TASK OBJECTIVE =
Reproduce nothing beyond the line containing "Phát biểu tại". From the first line of the data below down to it, copy each line exactly, without the pictures.

:: SUPPLIED INFORMATION ::

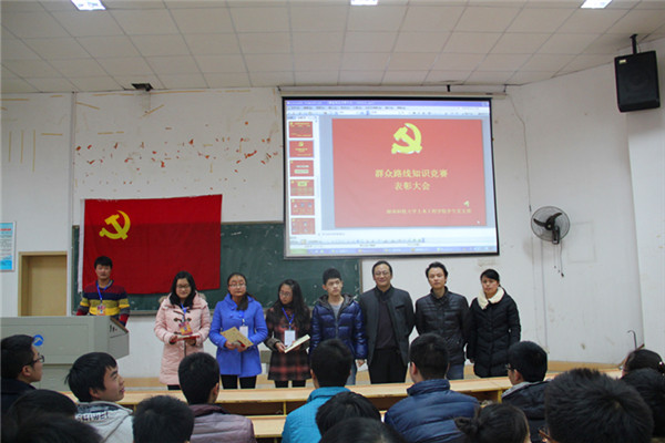 此外,本次会议公布了党的群众路线基础理论获奖名单,并对获奖同学进行表彰。由副书记易贵元颁奖。其中获得一等奖的优秀党员有:李思飞、史鸿燕、赵晨清、刘学宝、王焕发。会议也对2013-2014年度优秀蹲点干部进行了表彰。
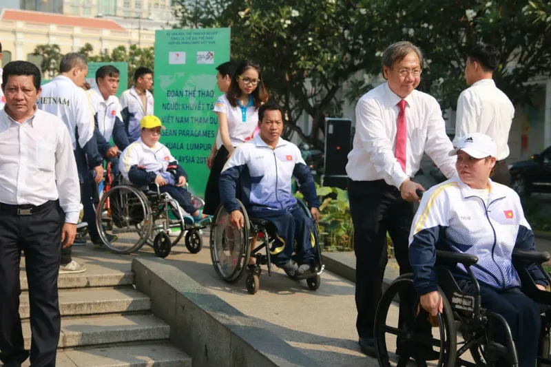 Phát biểu tại lễ xuất quân, ông Nguyễn Ngọc Anh, Vụ trưởng Vụ Thể dục thể thao quần chúng, Trưởng đoàn thể thao người khuyết tật Việt Nam tại Para Games 9, cho biết: “Các VĐV người khuyết tật Việt Nam dự Para Games 9 đã trải qua quá trình tập huấn tại Trung tâm HLTTQG Hà Nội và TPHCM. Đây là những gương mặt tiêu biểu của thể thao người khuyết tật Việt Nam được Tổng cục Thể dục thể thao cũng như ban huấn luyện các đội tuyển theo dõi và rà soát kỹ lưỡng trong thời gian dài”.
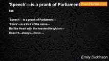 543 <br /> <br />I fear a Man of frugal Speech— <br />I fear a Silent Man— <br />Haranguer—I can overtake— <br />Or Babbler—entertain— <br /> <br />But He who weigheth—While the Rest— <br />Expend their furthest pound— <br />Of this Man—I am wary— <br />I fear that He is Grand—<br /><br />Emily Dickinson<br /><br />http://www.poemhunter.com/poem/i-fear-a-man-of-frugal-speech/

:::

YOUR SOLUTION =
 此外,本次会议公布了党的群众路线基础理论获奖名单,并对获奖同学进行表彰。由副书记易贵元颁奖。其中获得一等奖的优秀党员有:李思飞、史鸿燕、赵晨清、刘学宝、王焕发。会议也对2013-2014年度优秀蹲点干部进行了表彰。
 Phát biểu tại lễ xuất quân, ông Nguyễn Ngọc Anh, Vụ trưởng Vụ Thể dục thể thao quần chúng, Trưởng đoàn thể thao người khuyết tật Việt Nam tại Para Games 9, cho biết: “Các VĐV người khuyết tật Việt Nam dự Para Games 9 đã trải qua quá trình tập huấn tại Trung tâm HLTTQG Hà Nội và TPHCM. Đây là những gương mặt tiêu biểu của thể thao người khuyết tật Việt Nam được Tổng cục Thể dục thể thao cũng như ban huấn luyện các đội tuyển theo dõi và rà soát kỹ lưỡng trong thời gian dài”.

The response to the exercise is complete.